**Given records**
====

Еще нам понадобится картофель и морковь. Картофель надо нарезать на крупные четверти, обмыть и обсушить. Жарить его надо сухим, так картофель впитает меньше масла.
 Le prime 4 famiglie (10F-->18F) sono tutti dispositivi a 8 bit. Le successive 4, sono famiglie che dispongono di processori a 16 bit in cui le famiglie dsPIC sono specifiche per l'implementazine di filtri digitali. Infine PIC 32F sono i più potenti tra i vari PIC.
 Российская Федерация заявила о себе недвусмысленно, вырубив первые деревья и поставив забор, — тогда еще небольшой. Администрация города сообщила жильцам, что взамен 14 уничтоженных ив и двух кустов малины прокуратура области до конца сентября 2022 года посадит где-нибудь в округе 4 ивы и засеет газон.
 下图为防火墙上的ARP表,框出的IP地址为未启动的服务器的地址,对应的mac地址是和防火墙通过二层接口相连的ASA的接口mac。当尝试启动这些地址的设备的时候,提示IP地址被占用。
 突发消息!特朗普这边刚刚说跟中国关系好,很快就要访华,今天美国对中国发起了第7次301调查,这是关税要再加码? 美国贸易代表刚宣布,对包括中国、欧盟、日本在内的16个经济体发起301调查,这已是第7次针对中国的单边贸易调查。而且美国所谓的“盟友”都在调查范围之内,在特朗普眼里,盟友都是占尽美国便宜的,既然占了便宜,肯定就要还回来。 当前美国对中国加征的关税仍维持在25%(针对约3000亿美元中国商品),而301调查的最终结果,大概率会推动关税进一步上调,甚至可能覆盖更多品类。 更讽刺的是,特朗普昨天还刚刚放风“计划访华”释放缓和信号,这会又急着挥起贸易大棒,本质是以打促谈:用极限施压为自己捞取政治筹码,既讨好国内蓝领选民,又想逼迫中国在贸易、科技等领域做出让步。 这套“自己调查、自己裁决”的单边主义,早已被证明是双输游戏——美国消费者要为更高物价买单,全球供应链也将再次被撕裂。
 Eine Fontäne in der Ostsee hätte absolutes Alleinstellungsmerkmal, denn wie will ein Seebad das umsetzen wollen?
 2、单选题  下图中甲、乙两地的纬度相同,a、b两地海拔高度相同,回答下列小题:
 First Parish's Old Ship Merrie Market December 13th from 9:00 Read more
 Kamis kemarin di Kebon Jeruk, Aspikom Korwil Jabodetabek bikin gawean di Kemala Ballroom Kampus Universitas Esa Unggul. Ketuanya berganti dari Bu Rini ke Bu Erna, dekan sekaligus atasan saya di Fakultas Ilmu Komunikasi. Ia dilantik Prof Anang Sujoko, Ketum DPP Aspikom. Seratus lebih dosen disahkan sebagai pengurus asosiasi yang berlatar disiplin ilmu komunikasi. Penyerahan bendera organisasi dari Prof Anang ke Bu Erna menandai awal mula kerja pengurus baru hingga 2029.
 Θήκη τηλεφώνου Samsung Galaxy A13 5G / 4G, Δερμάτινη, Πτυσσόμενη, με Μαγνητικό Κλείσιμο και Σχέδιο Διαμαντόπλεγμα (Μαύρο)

====

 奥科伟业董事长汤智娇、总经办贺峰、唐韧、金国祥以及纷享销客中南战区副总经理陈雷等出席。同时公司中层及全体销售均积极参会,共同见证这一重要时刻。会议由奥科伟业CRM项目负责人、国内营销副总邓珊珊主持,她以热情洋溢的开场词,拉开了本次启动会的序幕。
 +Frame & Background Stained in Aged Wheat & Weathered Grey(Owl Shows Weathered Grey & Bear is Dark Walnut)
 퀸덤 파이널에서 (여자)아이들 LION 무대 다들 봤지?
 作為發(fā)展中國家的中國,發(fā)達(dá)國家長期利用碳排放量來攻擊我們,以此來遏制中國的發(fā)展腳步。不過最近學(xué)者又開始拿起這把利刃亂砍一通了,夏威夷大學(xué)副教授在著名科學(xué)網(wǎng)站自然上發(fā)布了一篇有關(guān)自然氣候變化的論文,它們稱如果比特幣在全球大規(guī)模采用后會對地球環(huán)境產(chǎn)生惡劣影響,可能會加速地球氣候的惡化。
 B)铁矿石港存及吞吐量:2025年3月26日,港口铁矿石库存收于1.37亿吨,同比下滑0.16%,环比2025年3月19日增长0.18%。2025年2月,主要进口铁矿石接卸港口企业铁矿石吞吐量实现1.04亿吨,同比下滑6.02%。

====

**Exercise prompt**
Return only the lines between the one holding "Eine Fontäne in" and the one holding "Θήκη τηλεφώνου Samsung", inclusive, exactly as they appear above.

**Your solution**
 Eine Fontäne in der Ostsee hätte absolutes Alleinstellungsmerkmal, denn wie will ein Seebad das umsetzen wollen?
 2、单选题  下图中甲、乙两地的纬度相同,a、b两地海拔高度相同,回答下列小题:
 First Parish's Old Ship Merrie Market December 13th from 9:00 Read more
 Kamis kemarin di Kebon Jeruk, Aspikom Korwil Jabodetabek bikin gawean di Kemala Ballroom Kampus Universitas Esa Unggul. Ketuanya berganti dari Bu Rini ke Bu Erna, dekan sekaligus atasan saya di Fakultas Ilmu Komunikasi. Ia dilantik Prof Anang Sujoko, Ketum DPP Aspikom. Seratus lebih dosen disahkan sebagai pengurus asosiasi yang berlatar disiplin ilmu komunikasi. Penyerahan bendera organisasi dari Prof Anang ke Bu Erna menandai awal mula kerja pengurus baru hingga 2029.
 Θήκη τηλεφώνου Samsung Galaxy A13 5G / 4G, Δερμάτινη, Πτυσσόμενη, με Μαγνητικό Κλείσιμο και Σχέδιο Διαμαντόπλεγμα (Μαύρο)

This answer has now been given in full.